Action item - All of the listing must be given again exactly, except that the images are dropped.

Collected data -

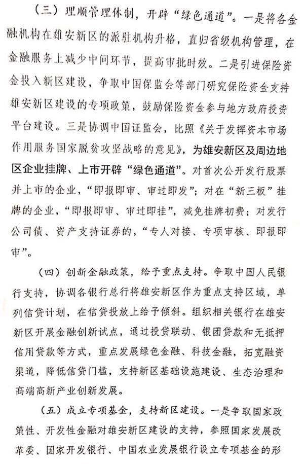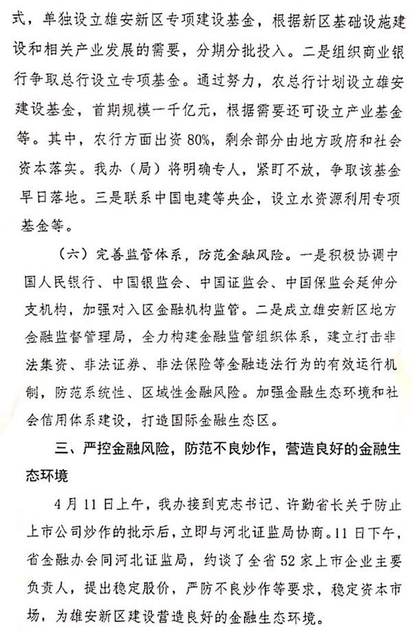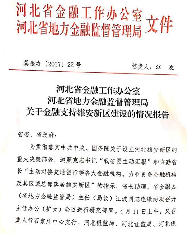 4月13日,新三板在线获得一份名为《关于金融支持雄安新区建设的情况报告》(下称“报告”)的红头文件。
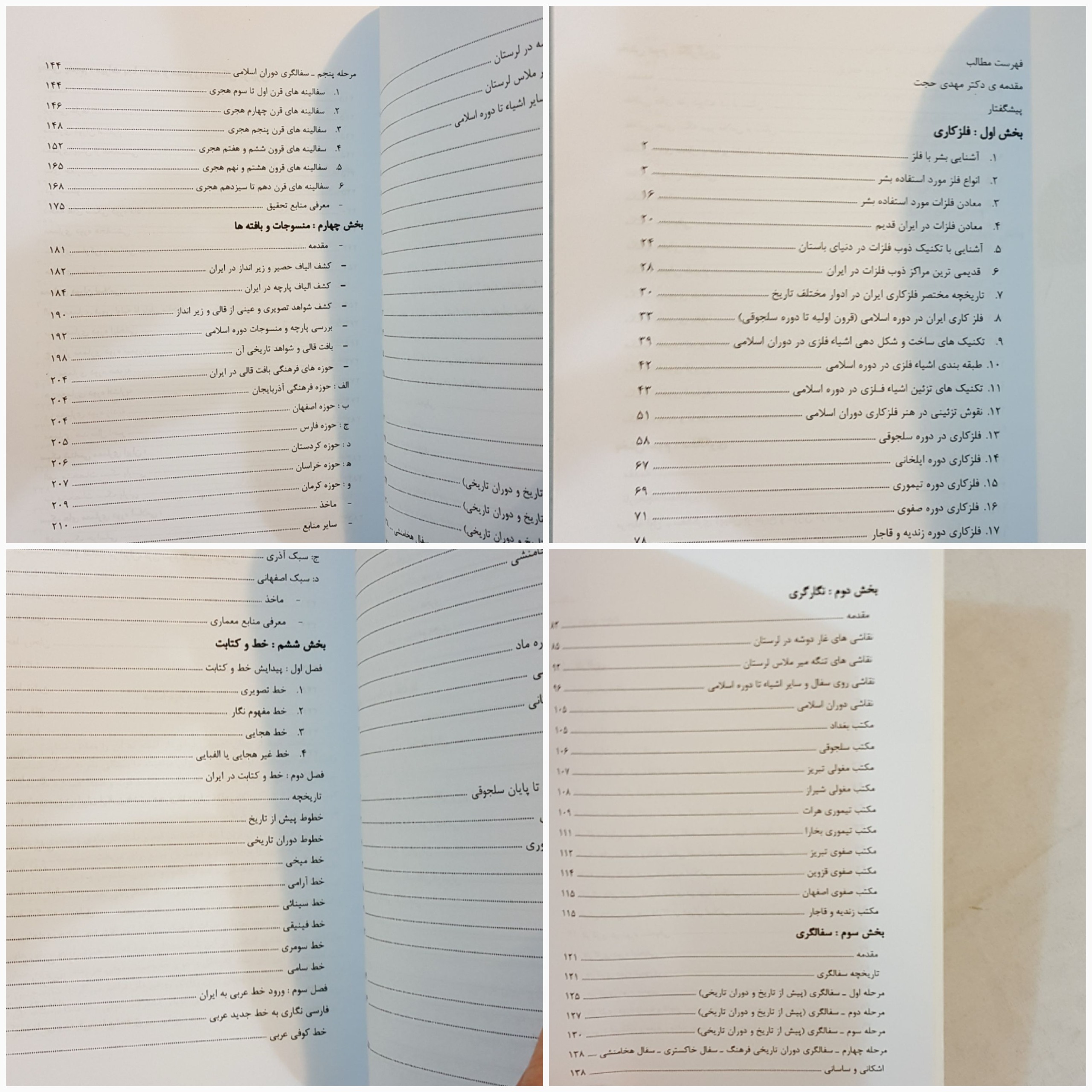 مبانی هنرهای فلز کاری نگارگری سفالگری بافته ها و منسوجات معماری خط و کتابت
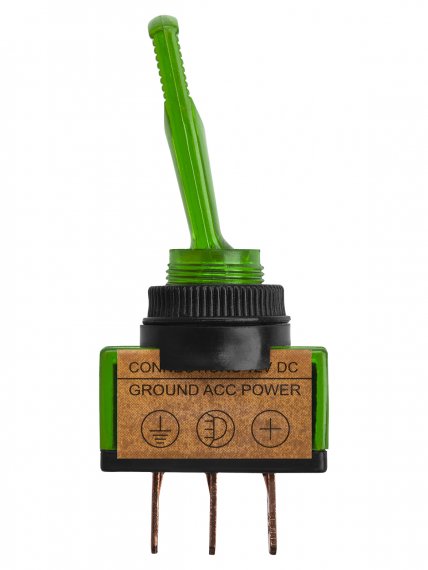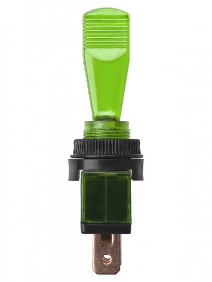 Выключатель-тумблер ASW-13D 1P 12В AC/DC 20А (3c) ON-OFF с фиксацией с зеленой LED подсветкой TDM

Finished task -
 4月13日,新三板在线获得一份名为《关于金融支持雄安新区建设的情况报告》(下称“报告”)的红头文件。
 مبانی هنرهای فلز کاری نگارگری سفالگری بافته ها و منسوجات معماری خط و کتابت
 Выключатель-тумблер ASW-13D 1P 12В AC/DC 20А (3c) ON-OFF с фиксацией с зеленой LED подсветкой TDM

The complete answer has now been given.